BEGIN Supplied material

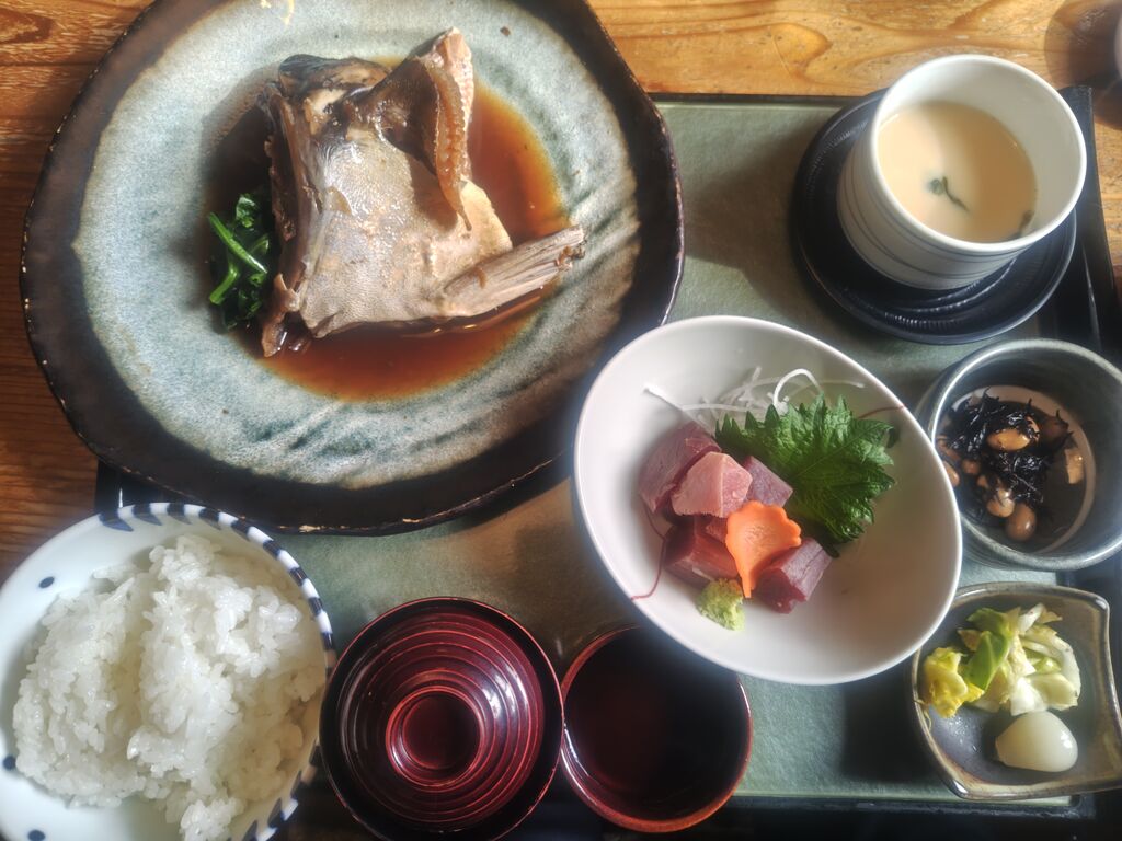 誕生月30%オフメールが届いたので今日はめちゃ豪勢にと来店。注文時その話をしたら前日までの予約必須でその予約時に「誕生月サービス利用」と伝えないと15%OFFとのこと…メールを見返すと確かに記載あり、予約はしたが誕生月クーポンの話はしていなかったので、素直に諦めました。注文したのは『まぐろぶつと煮魚定食』1780円、旬香さんには何回か来ているが他の人が注文した声を聞いていない一品にチャレンジ。いやー美味しかったです。一品ではなく、逸品。多少煮魚の骨を取る手間がありますが蕩ける感がありました。アップ写真はカマを裏返したものです。茶碗蒸し始め、小鉢も栄誉バランス良いと感じました。誕生月クーポン未使用だから今度はしっかり予約時に告げ再訪します。
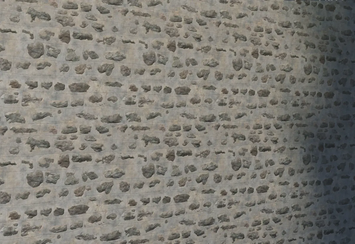 Pietra Rasa is a historical technique for visible walls where field and rubble stones were mortared and plastered. In this process, the excess mortar is spread smoothly on the stone surfaces, but the stone heads remain uncovered and visible. Subsequently, a joint line is drawn or scratched with a trowel into the plaster. It was commonly used during the 11th century in Europe for castle walls of minor status where the drawn line in the plaster should mimic larger stone blocks and should hide the crudeness of the used stone.
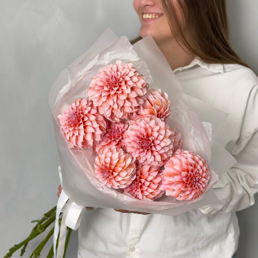 На фото букет из 9 персиково-розовых георгин. В составе: георгина 9 шт, дизайнерская упаковка 3 шт, атласная лента 2 шт, . Все цветы свежие и ароматные, букет красиво оформлен и отлично подходит для подарка. Доступна доставка цветов или самовывоз.
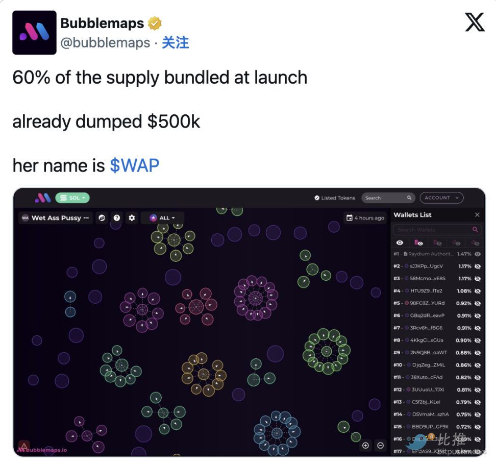 Bubblemaps 共同創辦人兼 CEO Nick Vaiman 在接受 Decrypt 採訪時表示:「許多代幣從一開始就存在明顯的危險訊號,比如高度控盤、惡意操縱以及明顯的‘割韭菜’策略。」
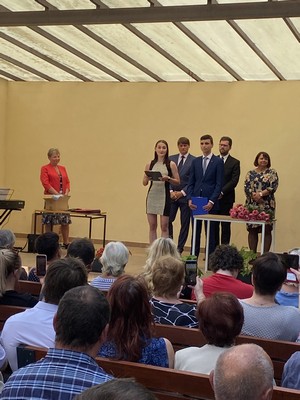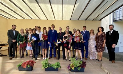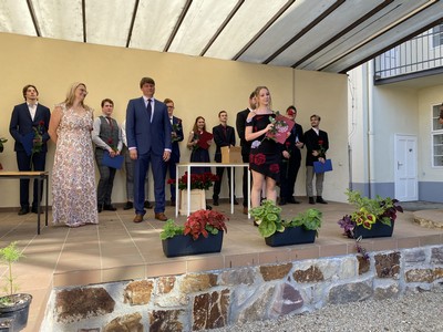 V pondělí 6. června jsme se v Klubu komorní kultury oficiálně rozloučili se všemi absolventy naší G+SOŠ . Obory SOŠ (Ekonomické lyceum a Informační technologie), oktáva a 4.B. Všechna přání už byla z úst pana ředitele, pana místostarosty a třídních učitelů řečena. My ještě doplníme:"Ať jste prostě šťastní 😊"
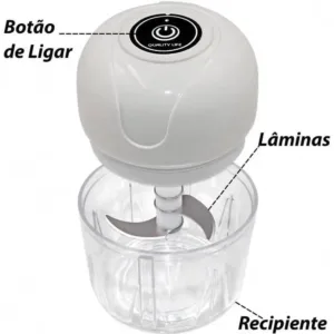 É super fácil de utilizar, basta inserir o alimento no recipiente de acrílico, acionar o botão superior por 10 a 15 segundos e pronto, seu alimento estará processado.
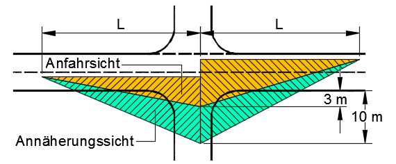 Die Sichtfelder werden auf Grundlage von Tabellendaten gem. RASt06 bzw EAE/EAHV gezeichnet.
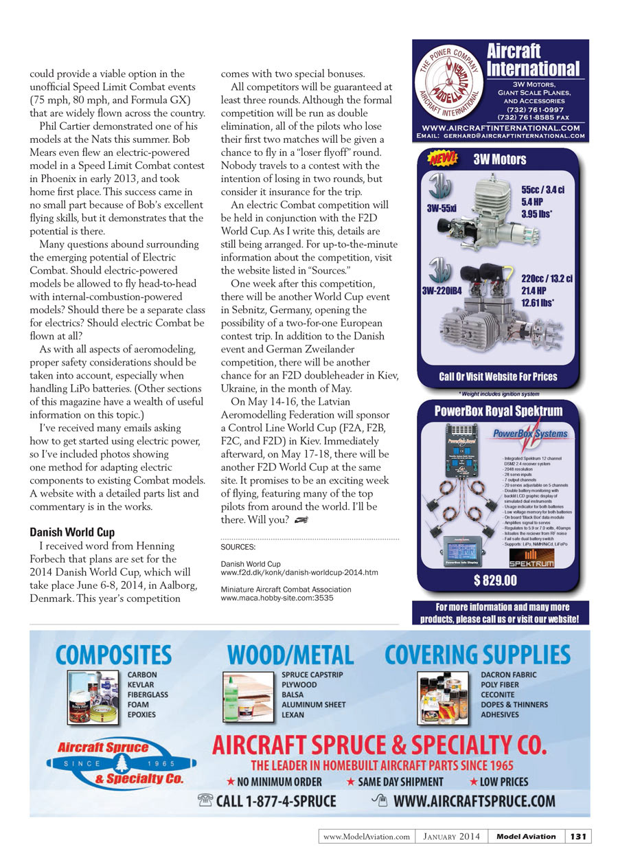 An Electric Combat competition will also be held in conjunction with the F2D World Cup. As I write this, details are still being arranged. For up-to-the-minute information about the competition, visit the website listed in “Sources.”

END Supplied material

What is being asked =>
Reproduce the lines above exactly, image-free.

Exercise solution =>
 誕生月30%オフメールが届いたので今日はめちゃ豪勢にと来店。注文時その話をしたら前日までの予約必須でその予約時に「誕生月サービス利用」と伝えないと15%OFFとのこと…メールを見返すと確かに記載あり、予約はしたが誕生月クーポンの話はしていなかったので、素直に諦めました。注文したのは『まぐろぶつと煮魚定食』1780円、旬香さんには何回か来ているが他の人が注文した声を聞いていない一品にチャレンジ。いやー美味しかったです。一品ではなく、逸品。多少煮魚の骨を取る手間がありますが蕩ける感がありました。アップ写真はカマを裏返したものです。茶碗蒸し始め、小鉢も栄誉バランス良いと感じました。誕生月クーポン未使用だから今度はしっかり予約時に告げ再訪します。
 Pietra Rasa is a historical technique for visible walls where field and rubble stones were mortared and plastered. In this process, the excess mortar is spread smoothly on the stone surfaces, but the stone heads remain uncovered and visible. Subsequently, a joint line is drawn or scratched with a trowel into the plaster. It was commonly used during the 11th century in Europe for castle walls of minor status where the drawn line in the plaster should mimic larger stone blocks and should hide the crudeness of the used stone.
 На фото букет из 9 персиково-розовых георгин. В составе: георгина 9 шт, дизайнерская упаковка 3 шт, атласная лента 2 шт, . Все цветы свежие и ароматные, букет красиво оформлен и отлично подходит для подарка. Доступна доставка цветов или самовывоз.
 Bubblemaps 共同創辦人兼 CEO Nick Vaiman 在接受 Decrypt 採訪時表示:「許多代幣從一開始就存在明顯的危險訊號,比如高度控盤、惡意操縱以及明顯的‘割韭菜’策略。」
 V pondělí 6. června jsme se v Klubu komorní kultury oficiálně rozloučili se všemi absolventy naší G+SOŠ . Obory SOŠ (Ekonomické lyceum a Informační technologie), oktáva a 4.B. Všechna přání už byla z úst pana ředitele, pana místostarosty a třídních učitelů řečena. My ještě doplníme:"Ať jste prostě šťastní 😊"
 É super fácil de utilizar, basta inserir o alimento no recipiente de acrílico, acionar o botão superior por 10 a 15 segundos e pronto, seu alimento estará processado.
 Die Sichtfelder werden auf Grundlage von Tabellendaten gem. RASt06 bzw EAE/EAHV gezeichnet.
 An Electric Combat competition will also be held in conjunction with the F2D World Cup. As I write this, details are still being arranged. For up-to-the-minute information about the competition, visit the website listed in “Sources.”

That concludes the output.